● Problem to solve
Your copy of the data should match it exactly, except that the pictures are gone.

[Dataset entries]
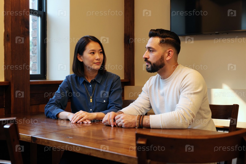 Молодая азиатская женщина и молодой белый мужчина ведут серьезный разговор в помещении
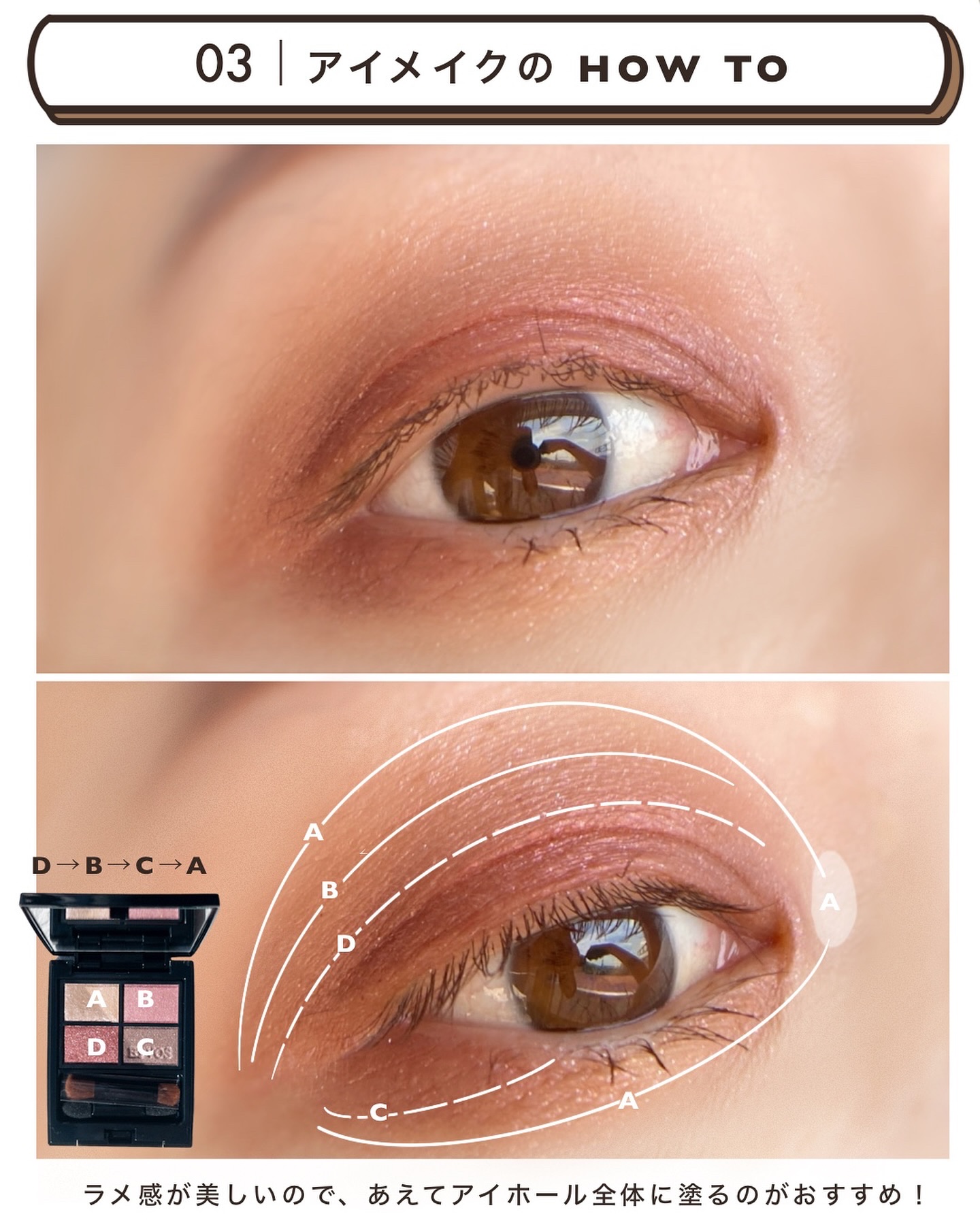 ぷにっとした弾力のある触り心地に、しっとりクリーミィなテクスチャー。 アイグロウジェムといえばこのカラーと言っても過言ではないくらい、初めましての方にもおすすめのカラーなんだとか✨ ちょっとオレンジ味もあるようなピンクベージュには繊細なラメがたっぷり、キラッキラと煌めきます。 でもここはさすがデコルテ、品があって透明感のあるラメ感なのでぎらつくこともなく、上品でうるっとしたアイメイクに。 そして肌馴染みの良いベージュにほんのりと感じるピンクが、じゅわっと滲み出るような血色感をプラスしてくれてこれまた可愛いんです…!ヌーディ過ぎない絶妙な色出しなので、これ単色で使っても充分すぎるくらい可愛い!時短にもなるのに抜け感が出てお洒落な雰囲気になれますよ〜! お値段も高過ぎないし、ラメの繊細な煌めきも美しいし、クリームみたいなテクスチャーなのによれにくいし、これは人気なのも納得だなあ。
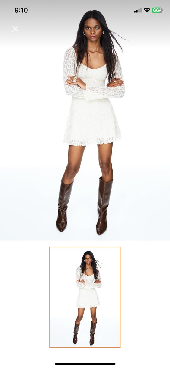 Dantel detaylı, V yakalı ve bej tonunda mini elbise. Bohem tarzıyla romantik akşamlar için uygun, şık ve rahat bir seçim.
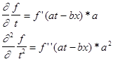 Глава II. Волновое уравнение. § 1. Математические сведения. Этот параграф является математическим введением к тому динамическому рассмотрению волн, которое будет дано в $2. Рассмотрим произвольную функцию f(at-bx) (2.3) от аргумента а t— bх. Продифференцируем ее дважды по t:
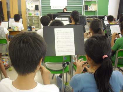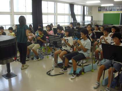 6年生の音楽の授業の様子です。「ジャーマン・ジャズ」という曲をリコーダーで演奏しているところです。音譜の音の長さを読み取って演奏することを意識させています。
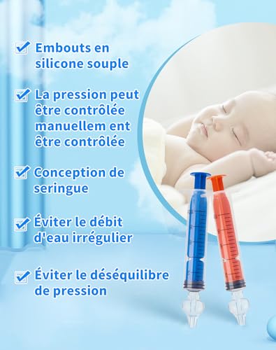 【Design Perfetto Adatto ai Bambini】: Il lavaggio nasale bambini è progettato con una siringa per iniezione, quindi la pressione può essere controllata meglio e l'acqua può essere iniettata delicatamente e lentamente nella cavità nasale, evitando il disagio e il soffocamento del bambino a causa di squilibrio scarico dell'acqua.
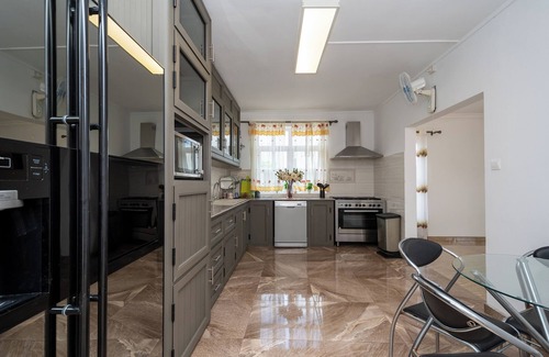 Este alojamiento de 5 dormitorios y 3 baños cuenta con una zona para barbacoas y aire acondicionado. Conéctate a Internet, o relájate frente a televisión. El cuarto de baño incluye un secador de pelo y toallas. Aprovecha para preparar una comida casera: dispones de horno, placa de cocina y frigorífico, además de cafetera y tetera, microondas y utensilios de cocina. Y como hay acceso a una lavandería, no necesitarás llevarte mucho equipaje. Otras comodidades incluyen ropa de cama, una tabla de planchar y servicio de limpieza limitado.
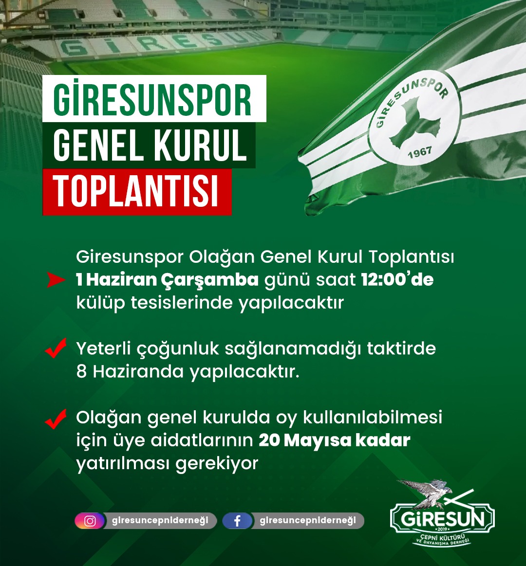 Giresunspor Olağan Genel Kurul Toplantısı 1 Haziran Çarşamba günü saat 12:00’de külüp tesislerinde yapılacaktır…

● Exercise answer
 Молодая азиатская женщина и молодой белый мужчина ведут серьезный разговор в помещении
 ぷにっとした弾力のある触り心地に、しっとりクリーミィなテクスチャー。 アイグロウジェムといえばこのカラーと言っても過言ではないくらい、初めましての方にもおすすめのカラーなんだとか✨ ちょっとオレンジ味もあるようなピンクベージュには繊細なラメがたっぷり、キラッキラと煌めきます。 でもここはさすがデコルテ、品があって透明感のあるラメ感なのでぎらつくこともなく、上品でうるっとしたアイメイクに。 そして肌馴染みの良いベージュにほんのりと感じるピンクが、じゅわっと滲み出るような血色感をプラスしてくれてこれまた可愛いんです…!ヌーディ過ぎない絶妙な色出しなので、これ単色で使っても充分すぎるくらい可愛い!時短にもなるのに抜け感が出てお洒落な雰囲気になれますよ〜! お値段も高過ぎないし、ラメの繊細な煌めきも美しいし、クリームみたいなテクスチャーなのによれにくいし、これは人気なのも納得だなあ。
 Dantel detaylı, V yakalı ve bej tonunda mini elbise. Bohem tarzıyla romantik akşamlar için uygun, şık ve rahat bir seçim.
 Глава II. Волновое уравнение. § 1. Математические сведения. Этот параграф является математическим введением к тому динамическому рассмотрению волн, которое будет дано в $2. Рассмотрим произвольную функцию f(at-bx) (2.3) от аргумента а t— bх. Продифференцируем ее дважды по t:
 6年生の音楽の授業の様子です。「ジャーマン・ジャズ」という曲をリコーダーで演奏しているところです。音譜の音の長さを読み取って演奏することを意識させています。
 【Design Perfetto Adatto ai Bambini】: Il lavaggio nasale bambini è progettato con una siringa per iniezione, quindi la pressione può essere controllata meglio e l'acqua può essere iniettata delicatamente e lentamente nella cavità nasale, evitando il disagio e il soffocamento del bambino a causa di squilibrio scarico dell'acqua.
 Este alojamiento de 5 dormitorios y 3 baños cuenta con una zona para barbacoas y aire acondicionado. Conéctate a Internet, o relájate frente a televisión. El cuarto de baño incluye un secador de pelo y toallas. Aprovecha para preparar una comida casera: dispones de horno, placa de cocina y frigorífico, además de cafetera y tetera, microondas y utensilios de cocina. Y como hay acceso a una lavandería, no necesitarás llevarte mucho equipaje. Otras comodidades incluyen ropa de cama, una tabla de planchar y servicio de limpieza limitado.
 Giresunspor Olağan Genel Kurul Toplantısı 1 Haziran Çarşamba günü saat 12:00’de külüp tesislerinde yapılacaktır…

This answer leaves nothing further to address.